◆ Problem description ◆
Return an exact copy of the lines from the one holding "Figure 5. Graphic presentation for the Case 1" to the end of the data, including both the starting and final lines. Leave the pictures out.

◆ Information given ◆

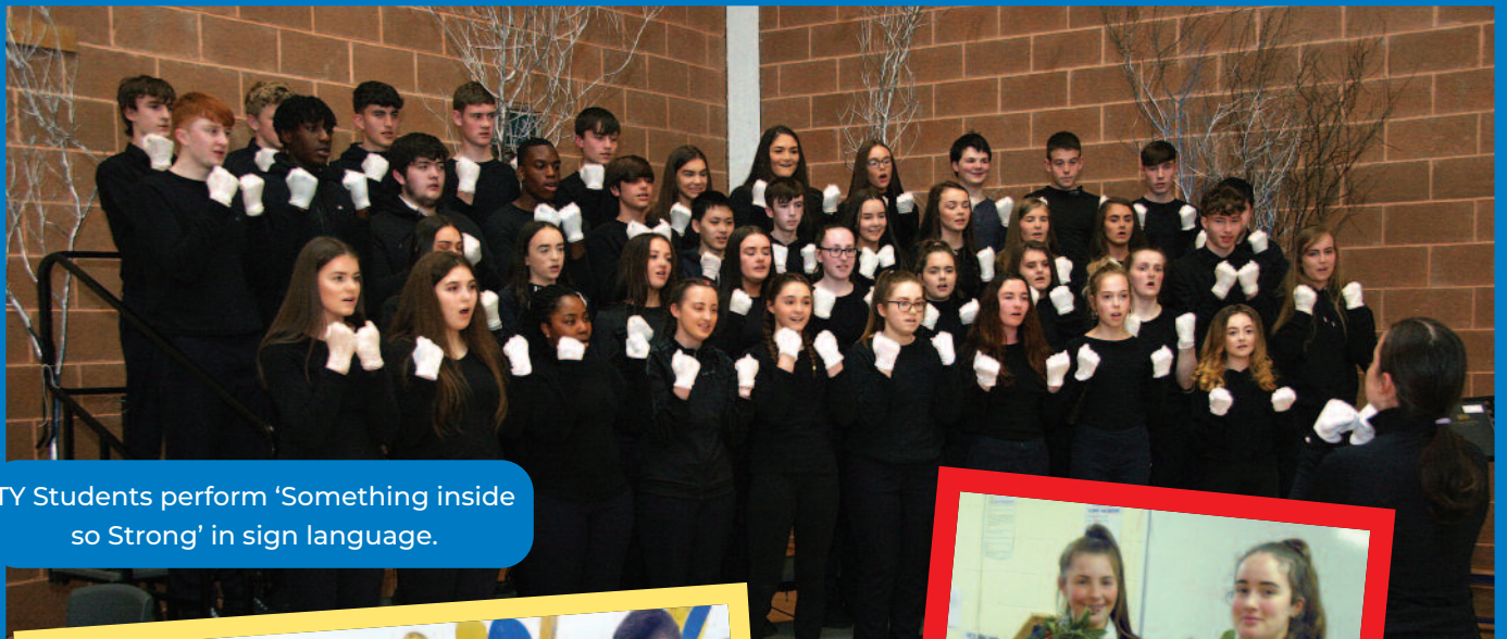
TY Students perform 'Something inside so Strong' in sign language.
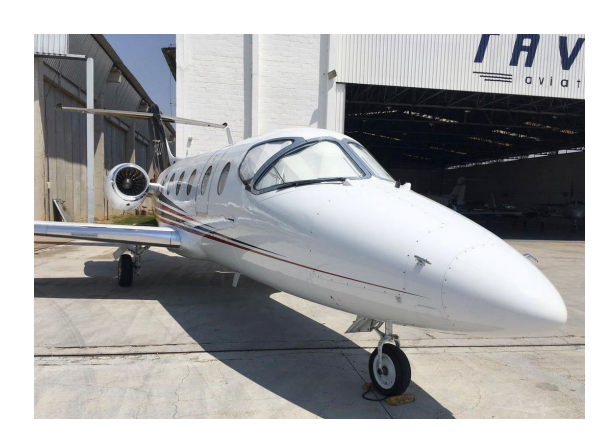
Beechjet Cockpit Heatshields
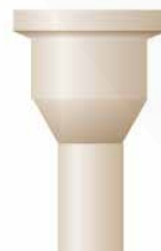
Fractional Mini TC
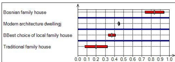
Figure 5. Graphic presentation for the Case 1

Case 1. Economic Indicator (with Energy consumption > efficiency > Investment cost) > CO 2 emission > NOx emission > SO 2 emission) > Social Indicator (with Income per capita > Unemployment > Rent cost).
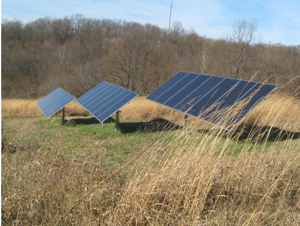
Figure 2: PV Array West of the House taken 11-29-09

◆ Response for this exercise ◆
Figure 5. Graphic presentation for the Case 1

Case 1. Economic Indicator (with Energy consumption > efficiency > Investment cost) > CO 2 emission > NOx emission > SO 2 emission) > Social Indicator (with Income per capita > Unemployment > Rent cost).
Figure 2: PV Array West of the House taken 11-29-09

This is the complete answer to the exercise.